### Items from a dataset
===============
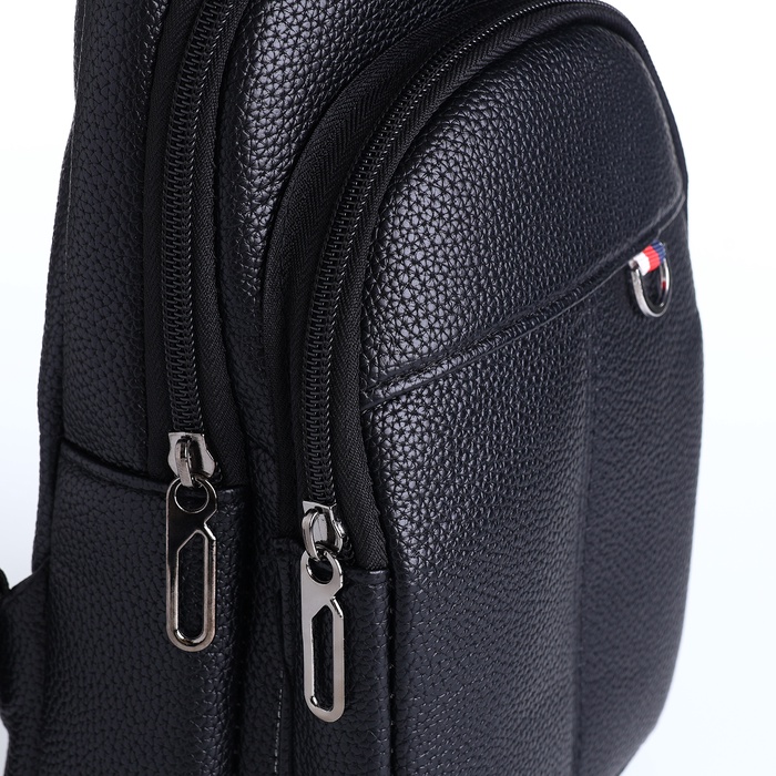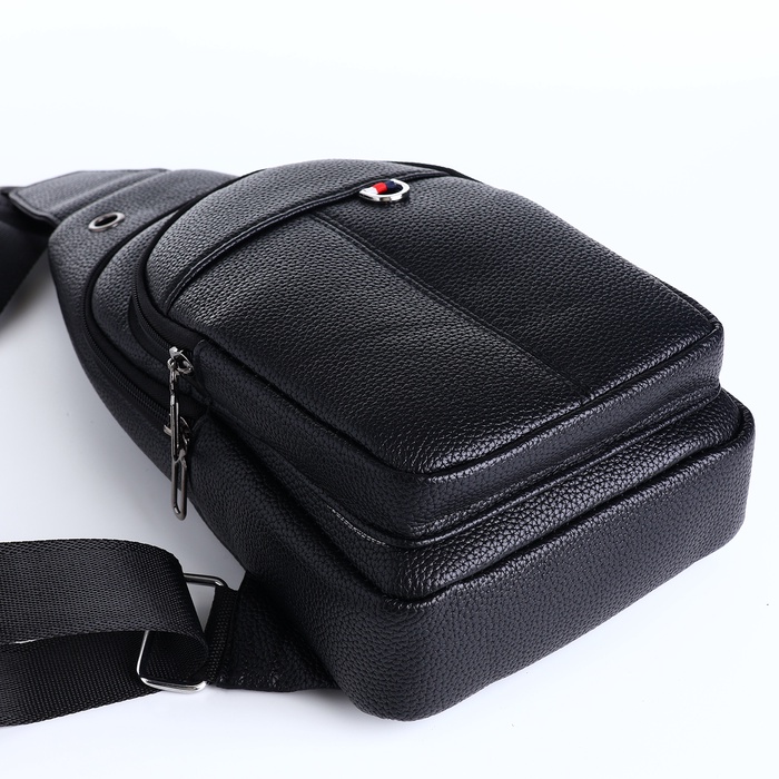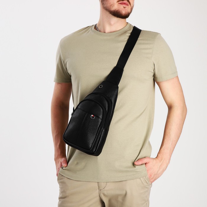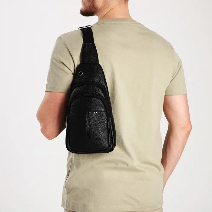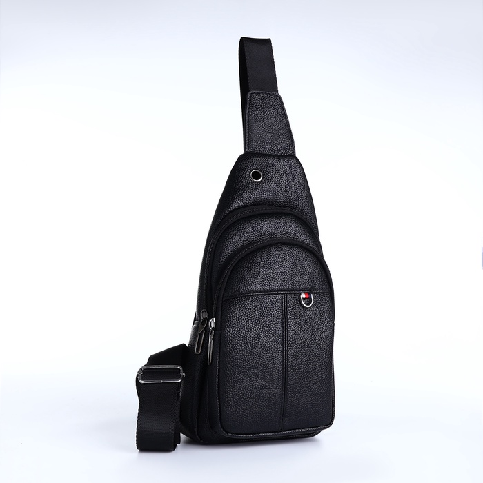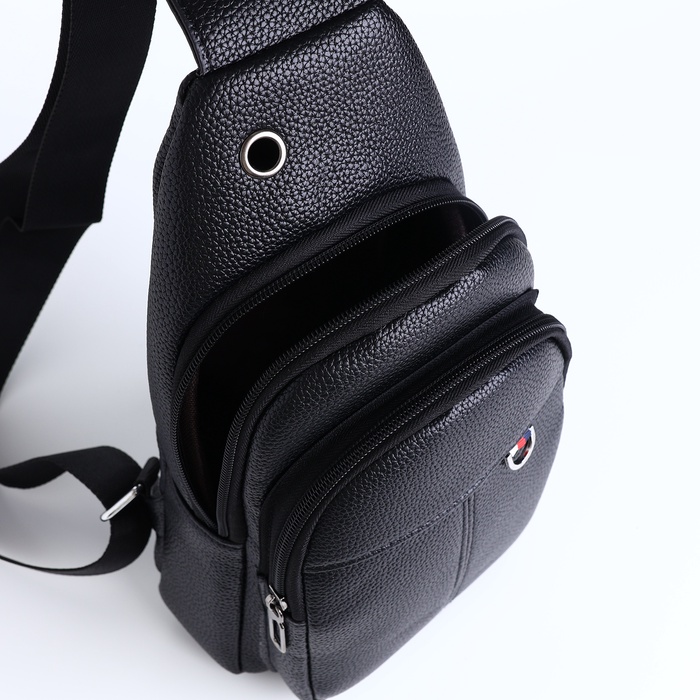Сумка-слинг мужская на молнии, наружный карман, отверстие для наушников, чёрная — Характеристики
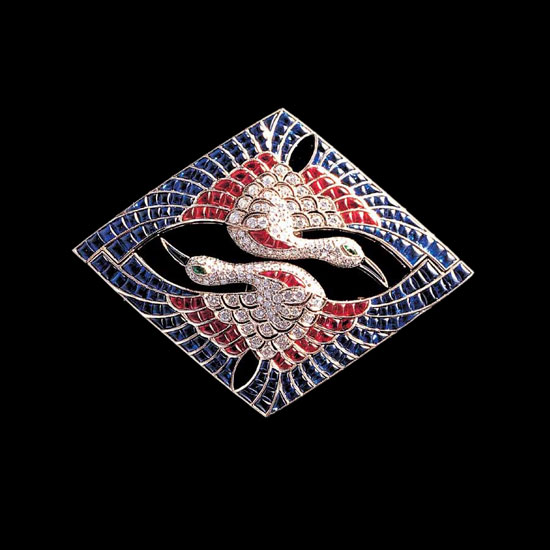 This is an Art Deco-styled double clip made from selective sapphires and rubies. It depicts two Japanese cranes embracing each other. It brings out your unique personality without sacrificing your beauty.
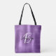 This elegant personalised tote bag features a monogram and first name in modern black and white script on a trendy purple brushed metal background.
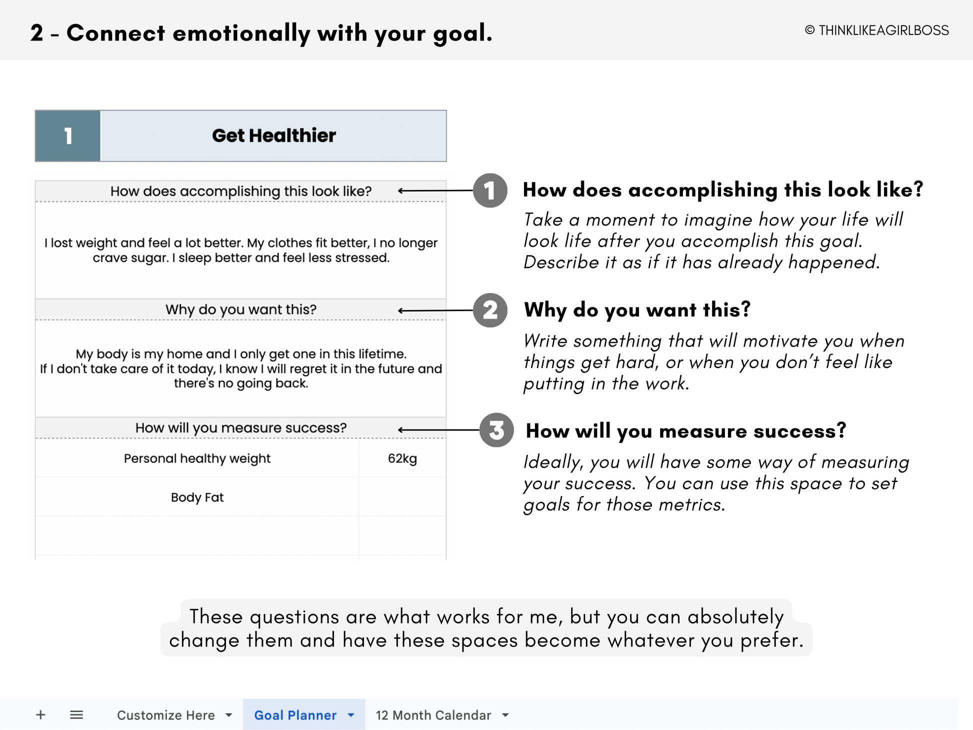 - The place where you will connect emotionally with your goals and create a plan for future you to follow.
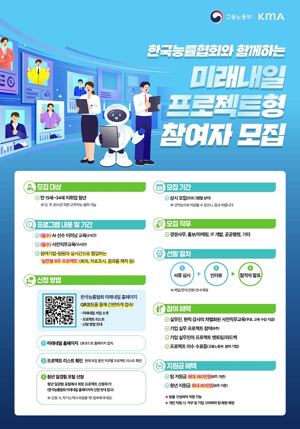 [고용노동부/한국능률협회] 마케팅/IT/경영사무 미래내일 일경험 프로젝트 참여자 모집!
===============
### Prompt
Write out all the records exactly, omitting the images.

### Answer
Сумка-слинг мужская на молнии, наружный карман, отверстие для наушников, чёрная — Характеристики
 This is an Art Deco-styled double clip made from selective sapphires and rubies. It depicts two Japanese cranes embracing each other. It brings out your unique personality without sacrificing your beauty.
 This elegant personalised tote bag features a monogram and first name in modern black and white script on a trendy purple brushed metal background.
 - The place where you will connect emotionally with your goals and create a plan for future you to follow.
 [고용노동부/한국능률협회] 마케팅/IT/경영사무 미래내일 일경험 프로젝트 참여자 모집!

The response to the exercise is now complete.